Sunday, June 24, 2012

The Right To Bare Arms

What makes our country great?   Is it...

the constitution our forefathers wrote?   our unified belief in the American dream?   our melting pot heritage that proves our differences are really our strength?

Practically no one could disagree with any of those (as long as the great American mosaic is defined as "melting pot").       Obviously, Denny's (video below) agrees.       But according to the restaurant chain which offers Americans everywhere the worst food anywhere, there is something additional which makes our country great:      "our right to bear arms."

Conflating gun ownership, the Constitution, the American dream, and the (mythical) melting pot with its menu, Denny's deserves an A in public relations... and an F in grammar.   The Second Amendment, as composed by comma-friendly James Madison, reads

A well regulated Militia, being necessary to the security of a free State, the right of the people to keep and bear Arms, shall not be infringed.

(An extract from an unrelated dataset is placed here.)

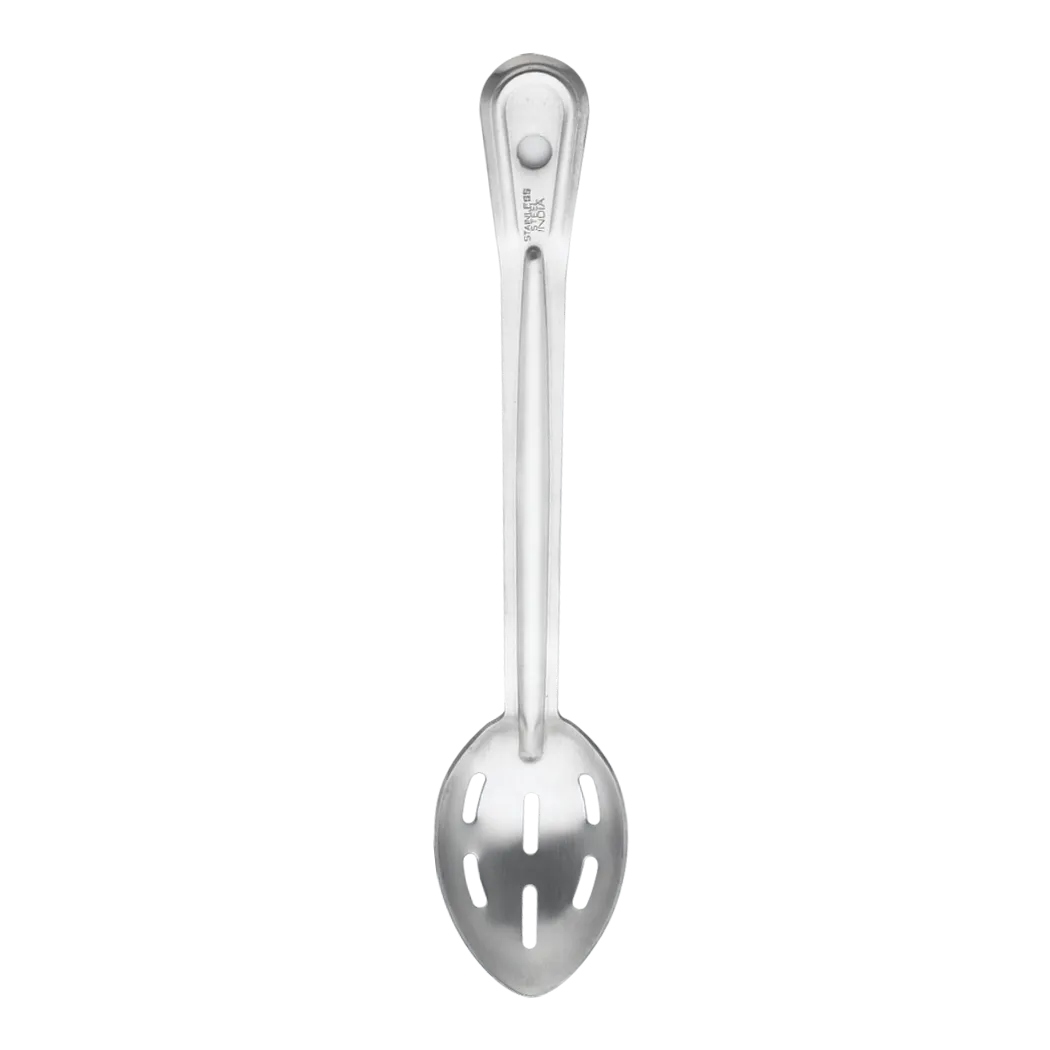 Experience the difference with innovative solutions in the kitchen with Browne Foodservice's 4774 Renaissance Spoon. This slotted stainless steel spoon is designed to meet the demands of a commercial restaurant setting. With a length of 15 inches (38.1cm), it provides the perfect reach for basting, stirring, and serving. The slotted design allows for easy draining of liquids, making it ideal for sautéing vegetables or serving pasta. The high-quality stainless steel construction ensures durability and longevity, even with frequent use in a busy kitchen. The Browne Foodservice 4774 Renaissance Spoon is packed individually by Browne Foodservice, ensuring that each spoon meets the highest standards of quality. Whether you're a professional chef or a home cook looking for restaurant-quality utensils, this spoon is a must-have addition to your kitchen arsenal. Elevate your culinary creations with Browne Foodservice's 4774 Renaissance Spoon.

"The right of the people to keep and bear Arms shall not be infringed" is an independent clause.      "A well regulated Militia, being necessary to the security of a free State" is an absolute phrase, which may be defined as "a group of words that modifies an independent clause as a whole."     After submitting an amicus brief in favor of the gun law ultimately struck down by the U.S. Supreme Court in District of Columbia v. Heller,  Dennis Baron explained

... if the framers had wanted to secure an individual right to gun ownership, they would have written, “Private possession of arms being necessary to individual freedom” or even, simply, “The right of the people to keep and bear arms shall not be infringed,” without any conditioning absolute at all. It is worth pointing out, too, that the Second Amendment is the only one with a conditioning causal phrase, a fact which suggests that the absolute is important, not just decorative.

Baron notes the a grammarian who in 1985 gave as an example of an absolute phrase "Being a farmer, he is suspicious of all governmental interference. [‘Since he is a farmer, . . .’ ]"   The right to keep and bear arms (which arguably refers to a collective, rather than individual,  right) was based on a well regulated militia- no longer in effect- being necessary to the security of a free state.   In the Federalist Papers, Madison contrasted the militia with that of a standing army, with the former

amounting to near half a million of citizens with arms in their hands, officered by men chosen from among themselves, fighting for their common liberties, and united and conducted by governments possessing their affections and confidence. It may well be doubted, whether a militia thus circumstanced could ever be conquered by such a proportion of regular troops.

If Denny's is looking for a right that makes our country great (or would make it greater), it might consider the right to adequate health care, individuals communicating with each other without government surveillance, clean air and water, or reproductive freedom.   But that, of course, would be political.